二人が一線を越えた当時のことを回想しながら、どちらも主張を譲らない。

「最終的に迫ってきたのはおまえだ」

「たしかにキスしたのはあたしだけど、押し倒したのはあんたよ」

「そうなったのはおまえが――――」

「女と違って、男は力ずくでは無理じゃない」

そこは男としてデリケートな問題だけに、ベジータは閉口した。

「大体、そうなってからはあんたが迫ってばっかりで」

口ごもった相手を見透かし、ブルマは続ける。

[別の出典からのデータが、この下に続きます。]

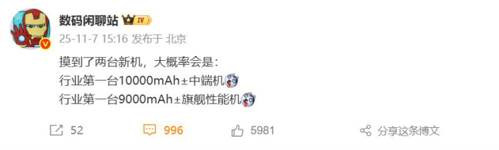 10月发布的这批旗舰手机和中端手机,虽然电池对比上代都提升了,但并没有超越行业天花板,接下来的手机才会不断打破记录,不仅会有很多8000mAh的手机,还会有9000mAh、10000mAh的手机出现,对续航很在意的用户一定要等等。

当初の論点から、どこかずれているような気がしないでもないが、今さら止まらない。

「それは…おまえが誘ってるような格好をしてるからだろ」

「あたしは普通の格好をしてるだけよ」

「本気で嫌がってたら応じないだろ。すぐその気になって、乗ってくるのはだれだ?」

「な…なによ、それ! あんたが強引だから、拒んだって結局」

「どうだかな?」

「あんたが……だから」

「おまえが――――」

だんだんと露骨な表現になってきた夫婦の論争は、最終的な結論を得ることなく、深夜まで延々と続くことになった。